There is also Isabel Zuleta, from Antioquia, who has been an environmental leader and has experience with the Ríos Vivos movement. The shortlist is complemented by Catalina del Socorro Pérez, a peasant leader from Córdoba, and one of the most influential figures in the National Association of Peasant Users (Anuc), a confederation of peasants founded in 1967 to promote the agrarian reform of Carlos Lleras Restrepo.

Sixth Commission: One from the Pact and another from the moderate opposition

It is the transportation and public services commission. It will wet the press because the government will base the reform of public services there, a modification to the education law and the public data law.

In the Chamber, the presidency will remain in the hands of Cambio Radical through Hernando González del Valle. “The teacher,” as his colleagues call him, represents a moderate opposition to the government. For example, he made a quorum to help push through the approval of the bullfights that he passed through that commission, while in the plenary session his bench voted against the project.
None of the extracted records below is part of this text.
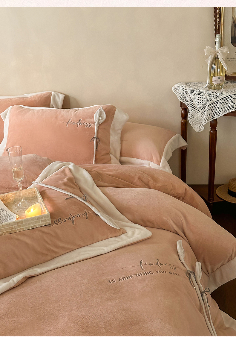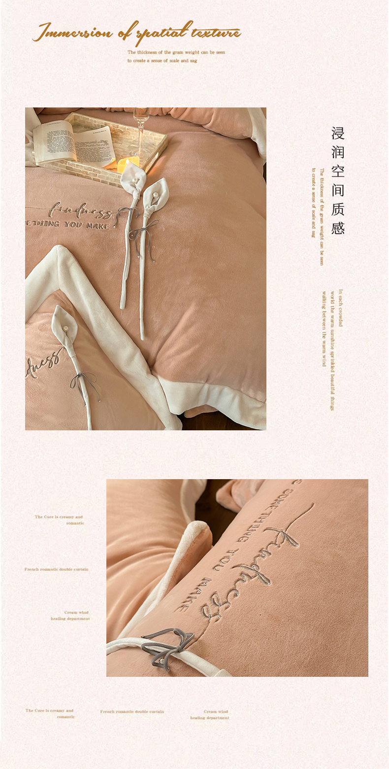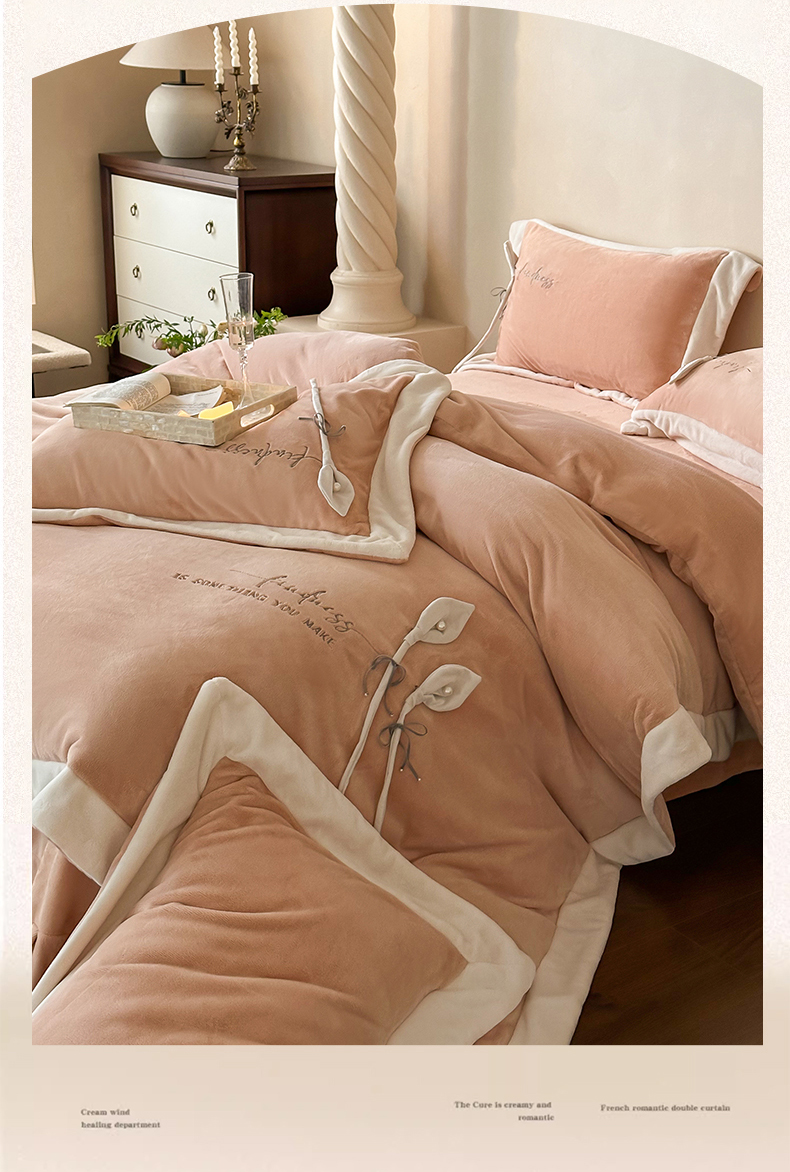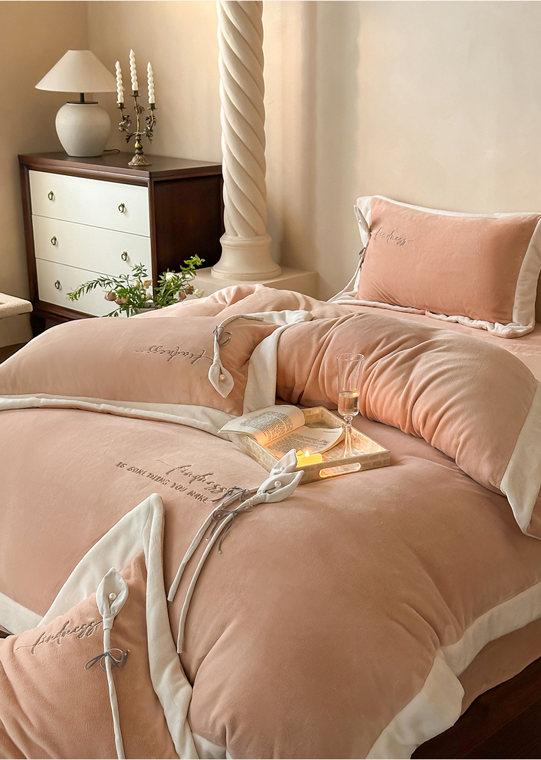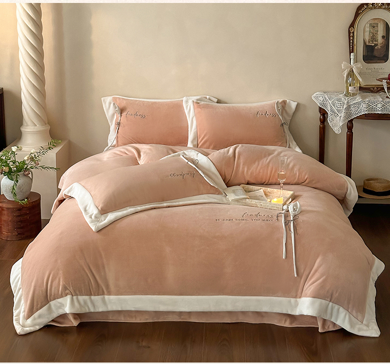 2024新款高克重牛奶绒四件套-辛西娅 杏粉
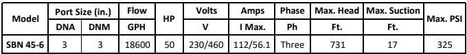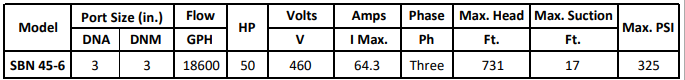 The Gol Pumps SBN 45-6 is an industrial-grade, high-output electric pump motor designed for continuous-duty operation in the most demanding fluid handling environments. Equipped with a 37 kW IE3-rated motor, this model delivers exceptional power and energy efficiency on 460V, 60Hz three-phase power, making it ideal for large-scale, high-pressure applications.
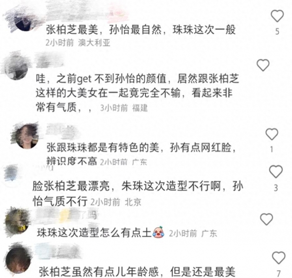 这三位美丽的女星难得地同框一起,给大家呈现了一场视觉盛宴。网友们也纷纷发表评论,对她们的美貌表达了赞叹之情,同时也对朱珠的造型提出了一些吐槽。

Hernando González from Cambio Radical.

In the Senate, the order will be set by the Historical Pact, who has four profiles to choose from. There is Pedro Flórez, the ally of the Torres clan, who is accused of financing President Petro’s campaign; the other Flórez, Alex, close to the former mayor of Medellín, Daniel Quintero; and the peasant leader, Robert Daza.
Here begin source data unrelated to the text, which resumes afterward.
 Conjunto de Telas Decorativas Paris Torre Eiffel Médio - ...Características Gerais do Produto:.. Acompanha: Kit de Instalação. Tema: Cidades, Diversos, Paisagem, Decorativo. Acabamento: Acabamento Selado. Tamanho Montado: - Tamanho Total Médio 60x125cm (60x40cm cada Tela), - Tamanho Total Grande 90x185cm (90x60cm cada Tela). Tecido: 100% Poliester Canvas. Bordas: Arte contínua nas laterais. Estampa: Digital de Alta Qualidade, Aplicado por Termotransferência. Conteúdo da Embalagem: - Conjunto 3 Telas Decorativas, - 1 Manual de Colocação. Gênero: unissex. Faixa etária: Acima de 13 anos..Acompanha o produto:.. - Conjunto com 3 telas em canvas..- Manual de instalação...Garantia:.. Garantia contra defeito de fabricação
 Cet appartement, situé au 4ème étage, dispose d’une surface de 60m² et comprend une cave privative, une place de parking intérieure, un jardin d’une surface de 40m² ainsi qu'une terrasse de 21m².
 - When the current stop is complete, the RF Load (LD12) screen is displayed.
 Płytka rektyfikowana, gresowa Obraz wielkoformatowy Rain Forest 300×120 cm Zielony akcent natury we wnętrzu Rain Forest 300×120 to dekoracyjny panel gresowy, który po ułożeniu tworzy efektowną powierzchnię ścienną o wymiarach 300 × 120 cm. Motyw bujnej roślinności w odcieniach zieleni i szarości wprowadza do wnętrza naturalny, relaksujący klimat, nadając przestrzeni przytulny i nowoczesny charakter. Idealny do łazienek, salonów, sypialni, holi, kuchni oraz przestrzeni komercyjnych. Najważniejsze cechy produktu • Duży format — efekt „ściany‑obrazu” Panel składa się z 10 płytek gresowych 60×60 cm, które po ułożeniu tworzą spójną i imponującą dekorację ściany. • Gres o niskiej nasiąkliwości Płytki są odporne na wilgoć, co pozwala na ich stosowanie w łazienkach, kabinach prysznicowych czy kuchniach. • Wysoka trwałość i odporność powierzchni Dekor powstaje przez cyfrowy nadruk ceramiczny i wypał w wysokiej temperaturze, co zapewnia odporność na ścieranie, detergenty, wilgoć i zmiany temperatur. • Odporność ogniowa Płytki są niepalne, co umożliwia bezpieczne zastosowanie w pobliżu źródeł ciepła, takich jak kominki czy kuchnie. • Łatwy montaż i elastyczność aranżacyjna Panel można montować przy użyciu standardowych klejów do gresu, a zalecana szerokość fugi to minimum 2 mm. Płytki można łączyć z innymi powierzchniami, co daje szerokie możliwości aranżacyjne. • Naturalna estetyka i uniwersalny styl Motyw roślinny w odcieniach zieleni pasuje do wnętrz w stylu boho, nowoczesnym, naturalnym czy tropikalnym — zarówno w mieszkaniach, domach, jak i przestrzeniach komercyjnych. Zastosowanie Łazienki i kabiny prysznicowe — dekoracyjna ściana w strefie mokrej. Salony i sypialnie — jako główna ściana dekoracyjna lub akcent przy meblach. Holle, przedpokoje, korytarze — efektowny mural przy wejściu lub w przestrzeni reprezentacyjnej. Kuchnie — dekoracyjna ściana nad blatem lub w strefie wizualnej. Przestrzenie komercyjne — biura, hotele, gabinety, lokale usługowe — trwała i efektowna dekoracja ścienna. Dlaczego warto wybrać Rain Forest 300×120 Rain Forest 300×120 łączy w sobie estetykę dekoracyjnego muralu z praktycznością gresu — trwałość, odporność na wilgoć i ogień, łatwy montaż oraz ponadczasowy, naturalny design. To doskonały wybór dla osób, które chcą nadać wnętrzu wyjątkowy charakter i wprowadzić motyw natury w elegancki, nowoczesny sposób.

Seventh Commission: the time of the conservatives

A new attempt at health reform and the termination of the labor reform are on the agenda of the seventh commissions. The agreements between parties will be respected and two conservatives will command the stop in the Senate and Chamber.

In the Chamber, which is more in line with the government, the one with the advantage is Gerardo Yepes from Tolima. He was one of those who risked Petro’s reforms in momentous moments. He signed the health report while his party internally decided not to support the initiative. And although he had to vote no later by decision of the bench, he did help indirectly by creating a quorum.

He also came to fully support labor, after the Minister of Labor, Gloría Ramírez, agreed to the conservatives’ request to remove the chapter on collective rights from the project.

Yepes with his fellow committee member Jorge Quevedo.

In the Senate, which sank the health reform in the third debate, conservative Nadia Blel will be the one who defines the agenda and gives instructions. She is part of the conservative bloc that does not copy the Petro government, in fact, Blel signed and voted on the proposal to archive the health reform and did not support the pension reform.